══ SUPPLIED MATERIAL ══
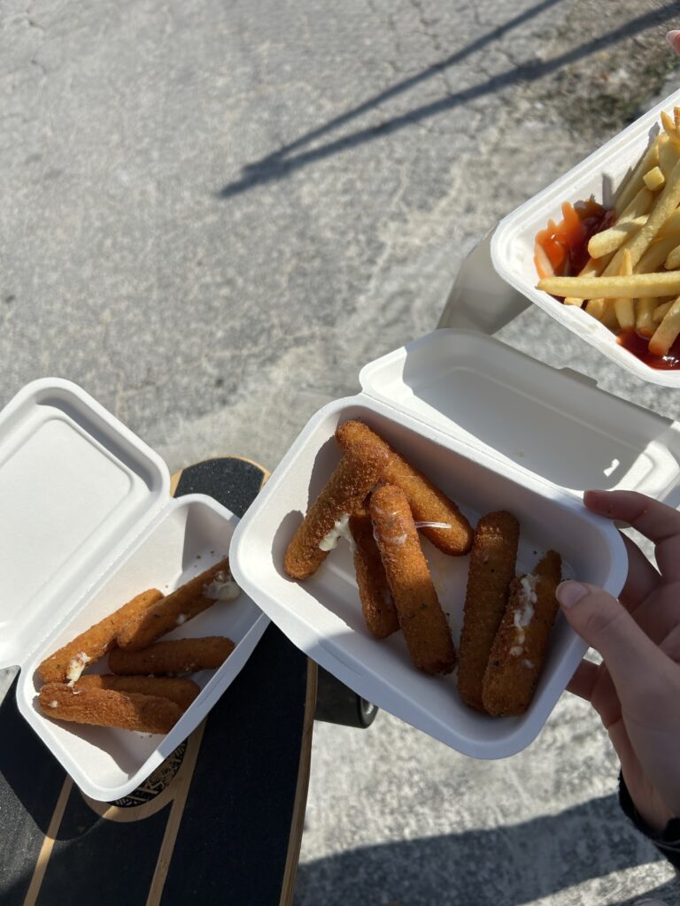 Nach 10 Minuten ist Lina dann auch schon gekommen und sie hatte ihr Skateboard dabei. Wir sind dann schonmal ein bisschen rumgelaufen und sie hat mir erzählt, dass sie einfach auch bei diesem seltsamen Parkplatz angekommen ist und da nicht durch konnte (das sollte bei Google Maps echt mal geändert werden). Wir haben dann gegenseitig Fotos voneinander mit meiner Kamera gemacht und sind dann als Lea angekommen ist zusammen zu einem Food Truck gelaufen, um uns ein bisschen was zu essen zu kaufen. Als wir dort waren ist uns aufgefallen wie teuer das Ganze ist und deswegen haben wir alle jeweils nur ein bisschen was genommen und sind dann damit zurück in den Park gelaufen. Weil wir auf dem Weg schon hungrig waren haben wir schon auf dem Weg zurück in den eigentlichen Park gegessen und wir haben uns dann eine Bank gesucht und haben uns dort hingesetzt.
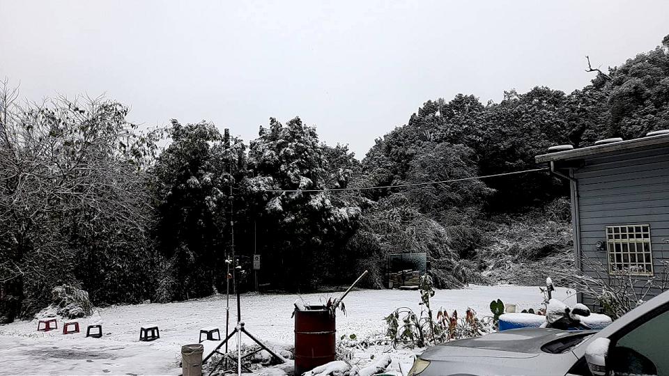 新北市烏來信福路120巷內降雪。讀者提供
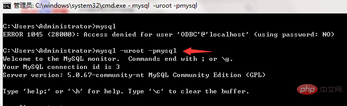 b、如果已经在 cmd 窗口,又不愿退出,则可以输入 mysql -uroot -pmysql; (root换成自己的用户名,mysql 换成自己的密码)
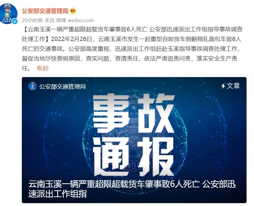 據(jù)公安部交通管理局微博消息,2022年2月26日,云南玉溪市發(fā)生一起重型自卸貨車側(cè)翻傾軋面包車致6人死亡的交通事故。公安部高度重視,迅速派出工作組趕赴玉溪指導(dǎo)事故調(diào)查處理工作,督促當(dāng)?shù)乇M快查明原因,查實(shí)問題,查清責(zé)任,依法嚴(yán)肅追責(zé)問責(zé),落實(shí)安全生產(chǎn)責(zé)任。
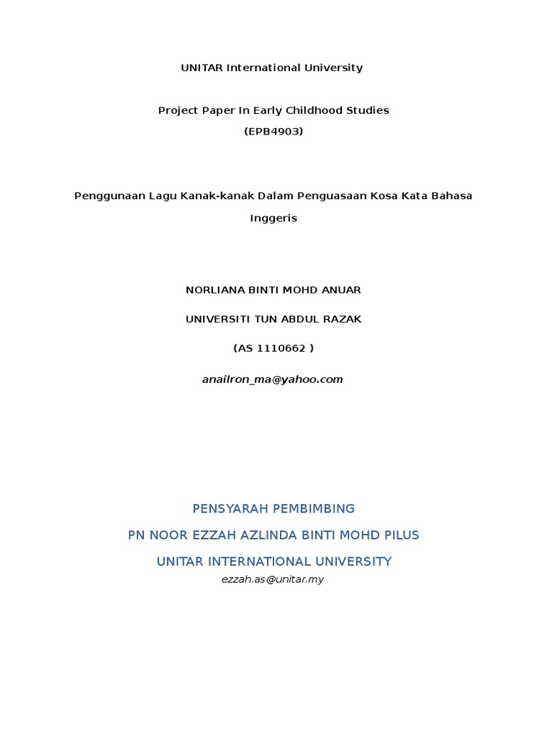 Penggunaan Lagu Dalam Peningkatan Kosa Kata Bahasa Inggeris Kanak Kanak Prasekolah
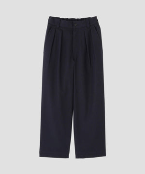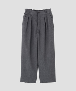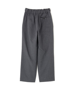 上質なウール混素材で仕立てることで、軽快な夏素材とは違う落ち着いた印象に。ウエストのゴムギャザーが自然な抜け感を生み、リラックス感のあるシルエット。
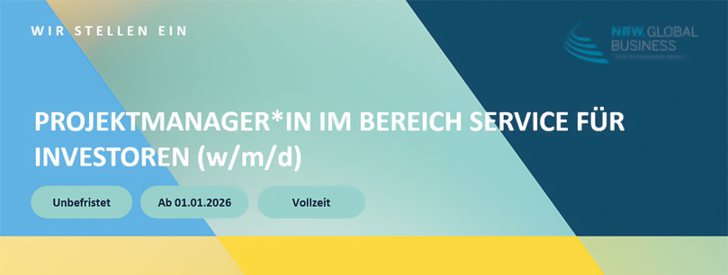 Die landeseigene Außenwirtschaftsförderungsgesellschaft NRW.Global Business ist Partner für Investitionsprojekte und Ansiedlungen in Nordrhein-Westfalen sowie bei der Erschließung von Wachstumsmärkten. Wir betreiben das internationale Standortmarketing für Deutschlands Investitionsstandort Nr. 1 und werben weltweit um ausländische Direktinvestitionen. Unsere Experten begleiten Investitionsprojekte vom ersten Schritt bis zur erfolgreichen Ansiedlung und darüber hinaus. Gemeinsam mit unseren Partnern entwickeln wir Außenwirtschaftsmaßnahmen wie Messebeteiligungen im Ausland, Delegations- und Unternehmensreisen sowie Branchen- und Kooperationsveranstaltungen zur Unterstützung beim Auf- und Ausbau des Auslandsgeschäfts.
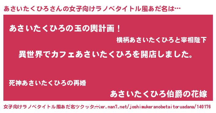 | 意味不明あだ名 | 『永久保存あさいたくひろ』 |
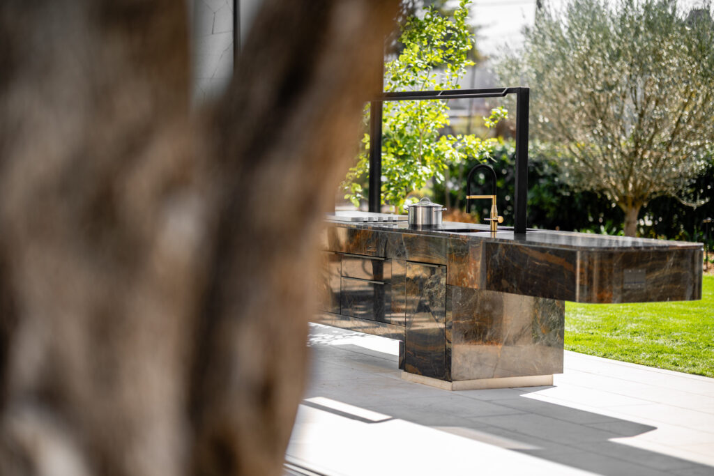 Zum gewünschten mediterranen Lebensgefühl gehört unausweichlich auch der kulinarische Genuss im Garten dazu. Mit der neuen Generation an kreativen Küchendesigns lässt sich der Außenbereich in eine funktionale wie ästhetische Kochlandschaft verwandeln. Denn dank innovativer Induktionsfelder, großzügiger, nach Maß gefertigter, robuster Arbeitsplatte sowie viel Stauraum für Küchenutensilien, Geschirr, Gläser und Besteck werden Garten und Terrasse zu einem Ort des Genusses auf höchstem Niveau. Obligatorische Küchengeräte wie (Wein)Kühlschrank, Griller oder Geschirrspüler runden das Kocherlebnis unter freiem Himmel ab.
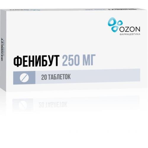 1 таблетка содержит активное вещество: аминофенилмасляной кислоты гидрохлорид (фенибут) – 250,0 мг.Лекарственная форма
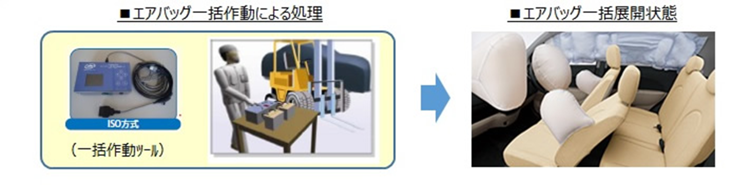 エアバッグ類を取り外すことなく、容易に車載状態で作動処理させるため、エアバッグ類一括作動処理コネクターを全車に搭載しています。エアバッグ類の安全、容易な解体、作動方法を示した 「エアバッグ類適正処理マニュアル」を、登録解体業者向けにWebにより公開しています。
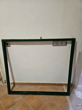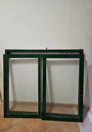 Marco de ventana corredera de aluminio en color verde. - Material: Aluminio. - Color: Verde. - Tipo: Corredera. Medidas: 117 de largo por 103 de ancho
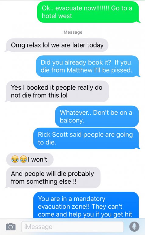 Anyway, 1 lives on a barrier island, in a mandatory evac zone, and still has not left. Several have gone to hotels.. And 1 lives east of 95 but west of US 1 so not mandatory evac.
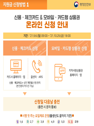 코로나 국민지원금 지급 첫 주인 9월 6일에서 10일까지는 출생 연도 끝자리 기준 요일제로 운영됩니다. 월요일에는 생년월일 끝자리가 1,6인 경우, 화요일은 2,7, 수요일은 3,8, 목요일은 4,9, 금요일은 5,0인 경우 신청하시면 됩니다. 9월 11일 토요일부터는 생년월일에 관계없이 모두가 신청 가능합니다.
═══
- EXERCISE
In the data above, the stretch from the line with "Penggunaan Lagu Dalam" through the line with "上質なウール混素材で仕立てる" is to be returned exactly, minus any pictures.

- SOLUTION FOR THIS PROBLEM
 Penggunaan Lagu Dalam Peningkatan Kosa Kata Bahasa Inggeris Kanak Kanak Prasekolah
 上質なウール混素材で仕立てることで、軽快な夏素材とは違う落ち着いた印象に。ウエストのゴムギャザーが自然な抜け感を生み、リラックス感のあるシルエット。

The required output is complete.